STORED DATA:
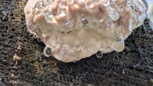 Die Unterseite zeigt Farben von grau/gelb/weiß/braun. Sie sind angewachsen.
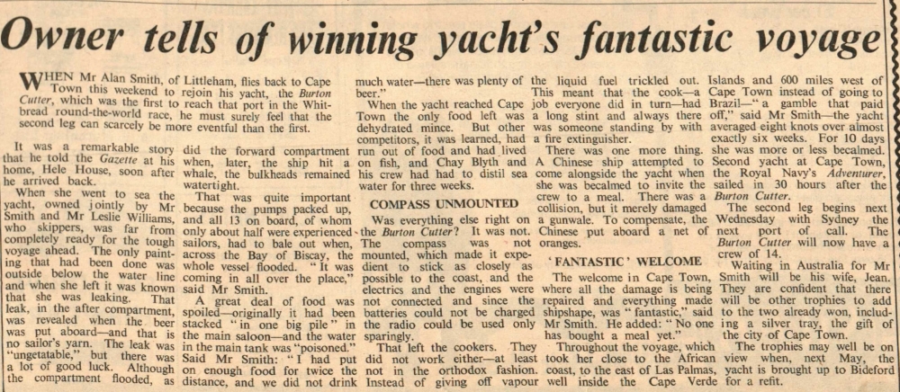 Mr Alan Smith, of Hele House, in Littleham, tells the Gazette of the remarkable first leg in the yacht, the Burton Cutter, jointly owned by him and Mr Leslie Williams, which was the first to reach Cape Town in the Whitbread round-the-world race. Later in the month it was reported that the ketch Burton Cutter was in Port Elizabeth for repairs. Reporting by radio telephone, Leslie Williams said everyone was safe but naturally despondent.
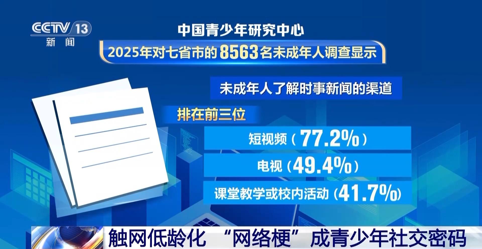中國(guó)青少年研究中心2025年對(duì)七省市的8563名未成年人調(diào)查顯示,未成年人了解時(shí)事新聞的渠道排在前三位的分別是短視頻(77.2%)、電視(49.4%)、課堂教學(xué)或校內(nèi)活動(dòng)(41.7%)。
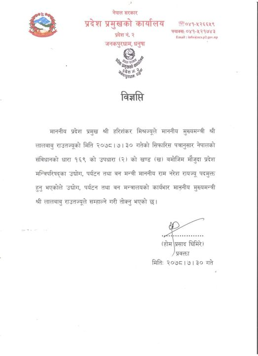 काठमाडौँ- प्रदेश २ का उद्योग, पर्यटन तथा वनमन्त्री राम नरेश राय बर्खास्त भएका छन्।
...
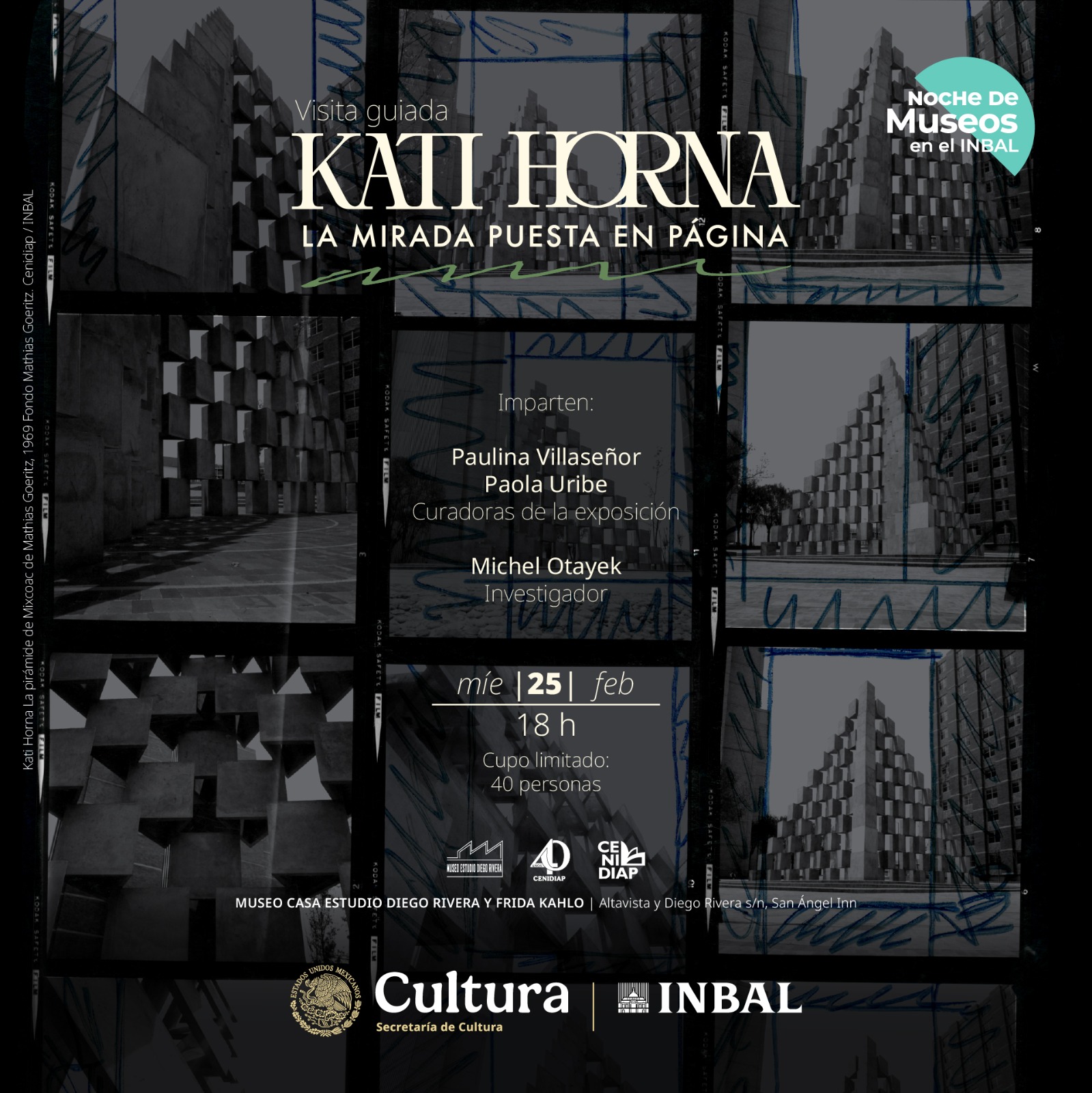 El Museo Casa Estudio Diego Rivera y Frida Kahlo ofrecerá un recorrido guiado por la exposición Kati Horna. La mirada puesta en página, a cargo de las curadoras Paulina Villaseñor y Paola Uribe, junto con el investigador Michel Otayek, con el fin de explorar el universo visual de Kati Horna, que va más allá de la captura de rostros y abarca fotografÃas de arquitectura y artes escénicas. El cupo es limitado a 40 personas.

WORK ITEM:
Having found the line with "Die Unterseite zeigt" and the line with "काठमाडौँ- प्रदेश २" in the material above, write out exactly those two and every line between, leaving the pictures out.

ANSWER SPACE:
 Die Unterseite zeigt Farben von grau/gelb/weiß/braun. Sie sind angewachsen.
 Mr Alan Smith, of Hele House, in Littleham, tells the Gazette of the remarkable first leg in the yacht, the Burton Cutter, jointly owned by him and Mr Leslie Williams, which was the first to reach Cape Town in the Whitbread round-the-world race. Later in the month it was reported that the ketch Burton Cutter was in Port Elizabeth for repairs. Reporting by radio telephone, Leslie Williams said everyone was safe but naturally despondent.
中國(guó)青少年研究中心2025年對(duì)七省市的8563名未成年人調(diào)查顯示,未成年人了解時(shí)事新聞的渠道排在前三位的分別是短視頻(77.2%)、電視(49.4%)、課堂教學(xué)或校內(nèi)活動(dòng)(41.7%)。
 काठमाडौँ- प्रदेश २ का उद्योग, पर्यटन तथा वनमन्त्री राम नरेश राय बर्खास्त भएका छन्।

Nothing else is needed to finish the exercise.